One Pilot, three Gunners and a Wasted Youth fire this Velvet Revolver

Can we get through an interview with one of the members of Velvet Revolver without discussing eyeliner, drug addiction and Axl Rose? Since the interviewee is guitarist Dave Kushner, we can at least avoid two out of three. Those topics are evergreen when it comes to Velvet Revolver, a band made up of three Guns N' Roses alums (guitarist Slash, bassist Duff McKagan and drummer Matt Sorum) as well as Kushner and former Stone Temple Pilots frontman Scott Weiland.

So before getting to what's happening with the band, it's only fair to promise a moratorium on drugs and eyeliner queries.

As for Axl?

"I think if Scott (Weiland) or I saw something about Axl or whatever, we might just bring it up out of conversation because those guys know him," Kushner said in a recent telephone interview.

"It's just like if some guy you used to work with, and I hung out with him or heard a story about him, just because I knew you knew him, I'd be like, 'Hey dude, so-and-so did this or that.' It's just because there's an interest there. But it doesn't come up that much." (Uh... come again, dude?)

After almost a full year on the road, the five California rockers who make up Velvet Revolver have become a band in the truest sense. What once was a collection of acquaintances who got together to make an album has turned into a tight-knit group of (mostly) reformed musicians coping with endless tour dates.

Just don't call them a supergroup. After all, as Kushner told Rolling Stone last year, "This can't be a supergroup. Otherwise, I wouldn't be in it." Asked to verify the remark, he laughs and cracks, "There was a time that I was in Led Zeppelin, but besides that..."

Actually, he played in the band Wasted Youth, and in another band with guitarist Dave Navarro (Red Hot Chili Peppers, Jane's Addiction), which means Kushner well knows the Hollywood rock scene. But until he joined the Revolver, Kushner never played to thousands of fans, sold records by the hundreds of thousands or made lots of money.

"It's great and I'm beyond grateful to be where I am, but it also doesn't fix all your problems," Kushner said. "If you're all frustrated, you're just in a house instead of an apartment doing it. You're still frustrated, you're still scared. It's just a matter of geography, really."

And a matter of miracles that any of them made it this far. Velvet Revolver began with a 2002 jam session involving Sorum, Slash and McKagan at a benefit for the family of the late drummer Randy Castillo (who played with Motley Crue and Ozzy Osbourne, among others). The ex-Gunners enjoyed the on-off gig and decided to form a new band. They enlisted Kushner, a schoolboy pal of Slash's and former member of McKagan's band, Loaded.

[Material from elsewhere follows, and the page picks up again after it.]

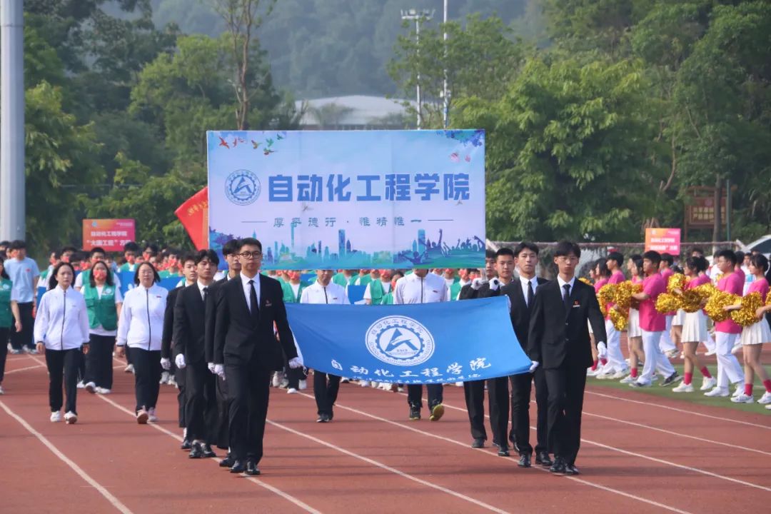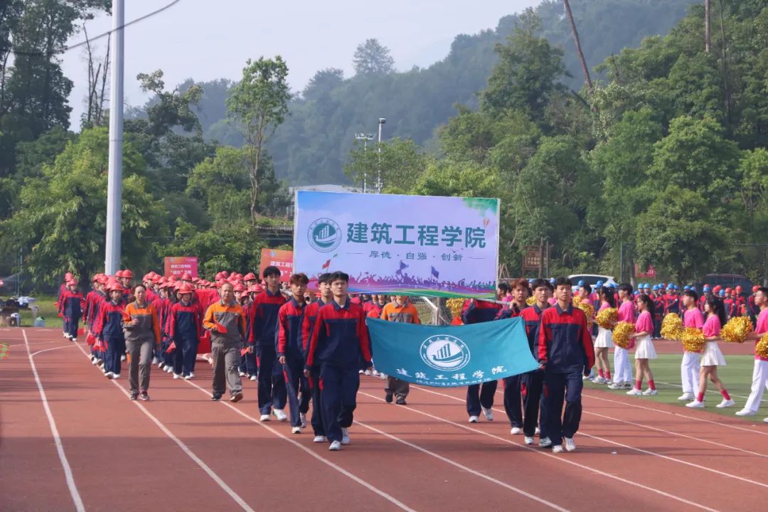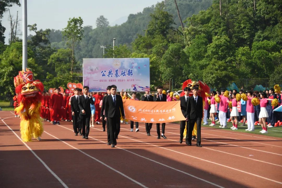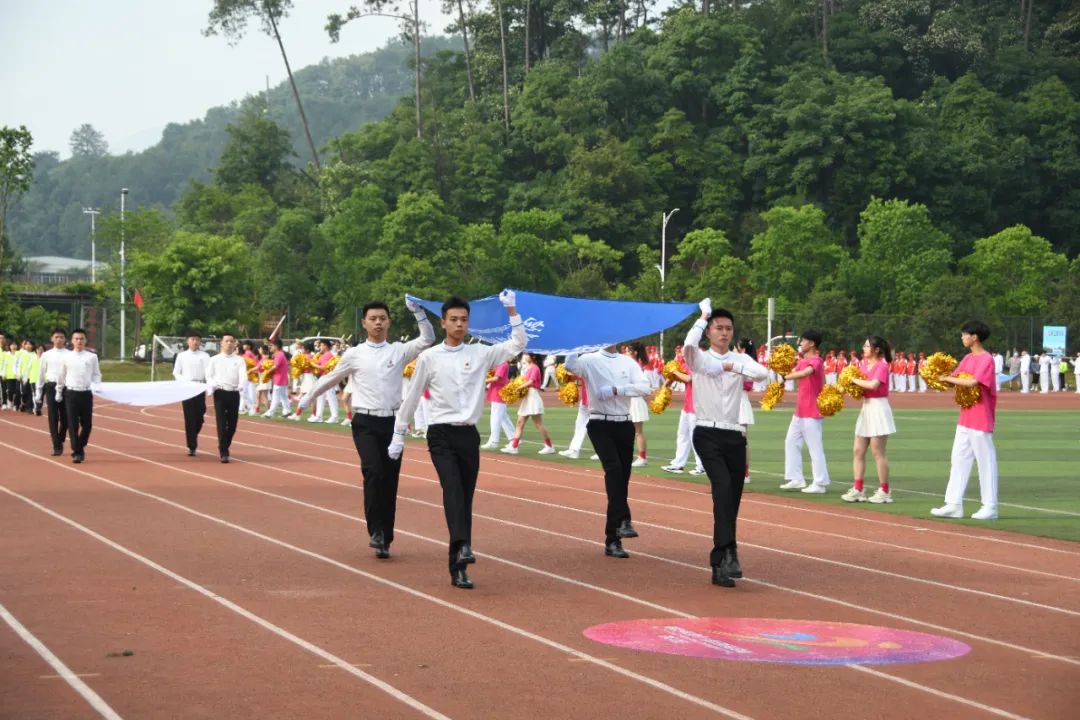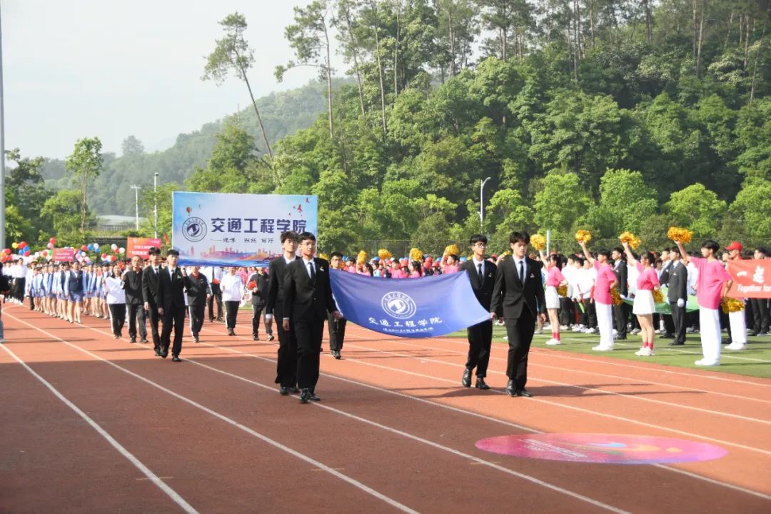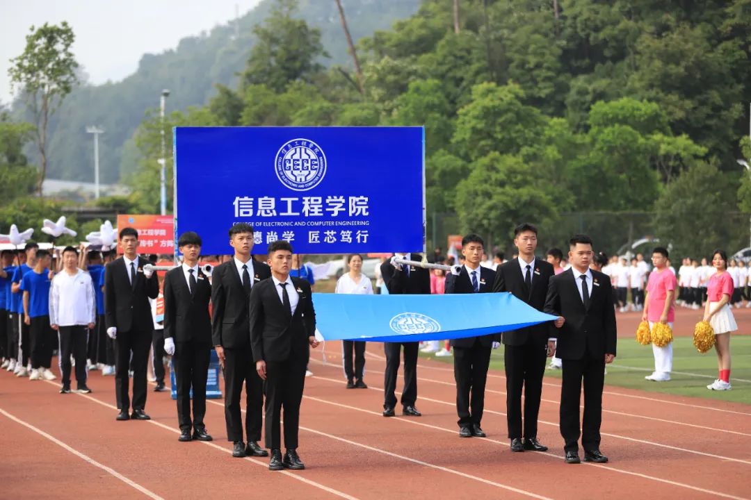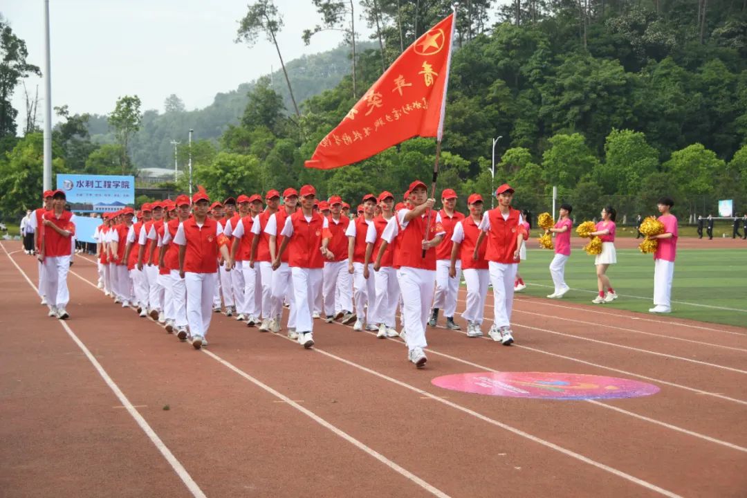 上午8时,伴随着嘹亮激昂的歌声,国旗队、仪仗队、裁判员方队、青年突击队、各二级学院方阵等依次入场。

The newly christened Velvet Revolver lacked just a single ingredient: a lead singer. Numerous candidates were considered and then scrapped. Among them: former Skid Row screamer Sebastian Bach and Buckcherry's Josh Todd. In the end, Weiland got the gig and subsequently was arrested — twice, on charges of drug possession and driving under the influence — during the recording of Contraband. He was sentenced to a detox center.

Weiland needed judicial permission to attend recording sessions, and the industry and media had a field day cracking jokes about the new band. Seems only Slash and company could find a lead singer less reliable than Axl Rose. Despite Weiland's legal and drug woes, he finished the record (which is more than can be said of Rose's GN'R project Chinese Democracy, an album a decade in the making and described by The New York Times as the most expensive in the history of the music industry).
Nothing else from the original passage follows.